What is needed
Scan the entries for the word "Zalaegerszegen" and report how many lines contain it, as a number with no other words.

==== Extracted data

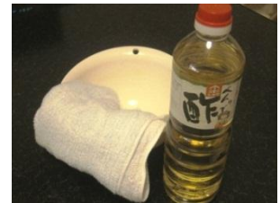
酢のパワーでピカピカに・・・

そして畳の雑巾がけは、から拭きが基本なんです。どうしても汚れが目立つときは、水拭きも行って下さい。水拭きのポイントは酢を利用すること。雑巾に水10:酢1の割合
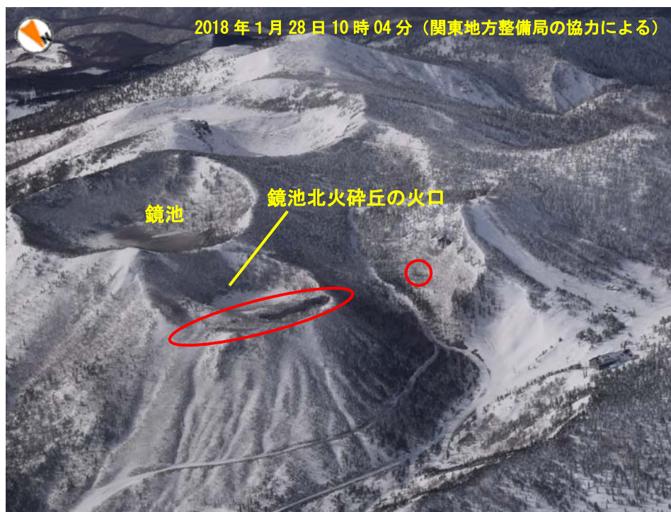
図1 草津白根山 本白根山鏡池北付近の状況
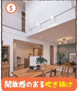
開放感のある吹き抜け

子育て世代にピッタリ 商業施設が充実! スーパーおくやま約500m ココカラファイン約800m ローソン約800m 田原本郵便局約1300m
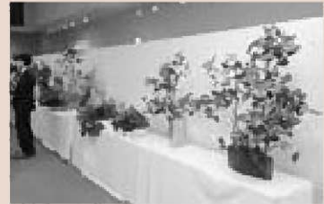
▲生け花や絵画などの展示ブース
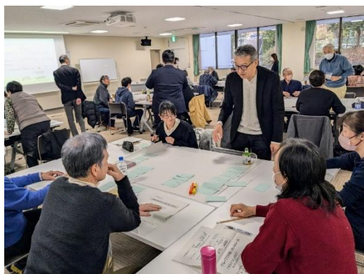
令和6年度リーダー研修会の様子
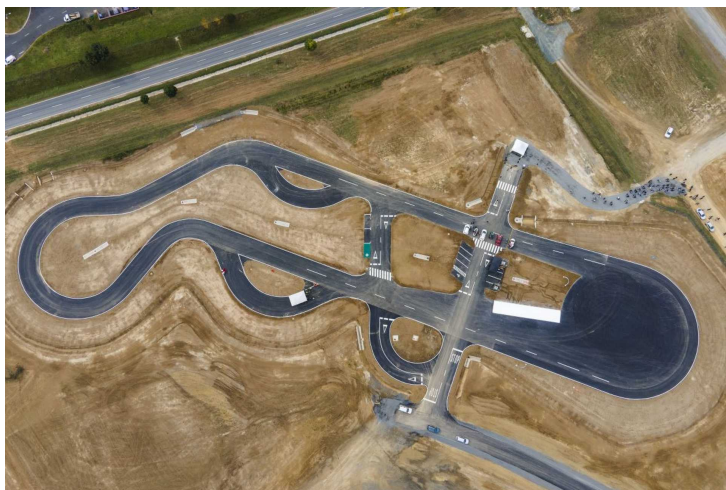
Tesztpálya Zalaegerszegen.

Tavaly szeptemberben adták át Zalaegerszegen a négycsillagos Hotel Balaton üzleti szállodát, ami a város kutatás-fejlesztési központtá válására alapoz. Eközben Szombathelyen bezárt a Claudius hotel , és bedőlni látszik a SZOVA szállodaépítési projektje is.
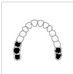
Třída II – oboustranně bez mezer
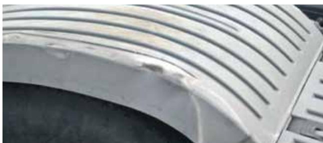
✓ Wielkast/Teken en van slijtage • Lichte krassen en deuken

========
==== Extracted data

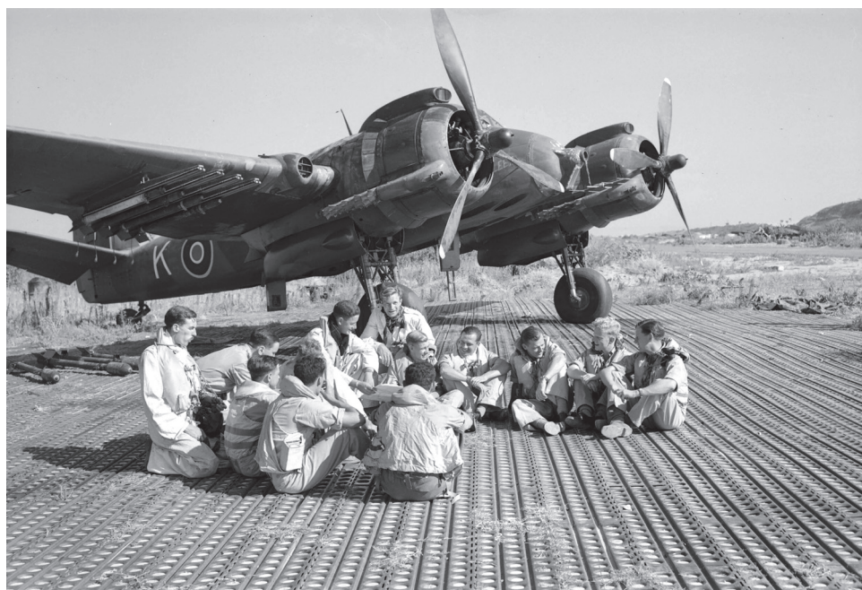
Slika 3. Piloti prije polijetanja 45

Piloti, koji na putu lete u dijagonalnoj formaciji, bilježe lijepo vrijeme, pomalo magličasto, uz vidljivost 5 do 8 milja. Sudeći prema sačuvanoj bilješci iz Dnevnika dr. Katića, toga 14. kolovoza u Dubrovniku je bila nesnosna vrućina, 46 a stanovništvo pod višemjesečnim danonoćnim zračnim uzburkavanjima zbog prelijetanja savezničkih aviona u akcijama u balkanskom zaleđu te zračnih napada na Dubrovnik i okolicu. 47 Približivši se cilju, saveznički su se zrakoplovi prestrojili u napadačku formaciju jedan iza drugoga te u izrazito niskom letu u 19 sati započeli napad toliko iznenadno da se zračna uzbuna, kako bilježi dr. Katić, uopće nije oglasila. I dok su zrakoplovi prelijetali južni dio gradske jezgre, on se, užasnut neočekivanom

========

Solution to this task
2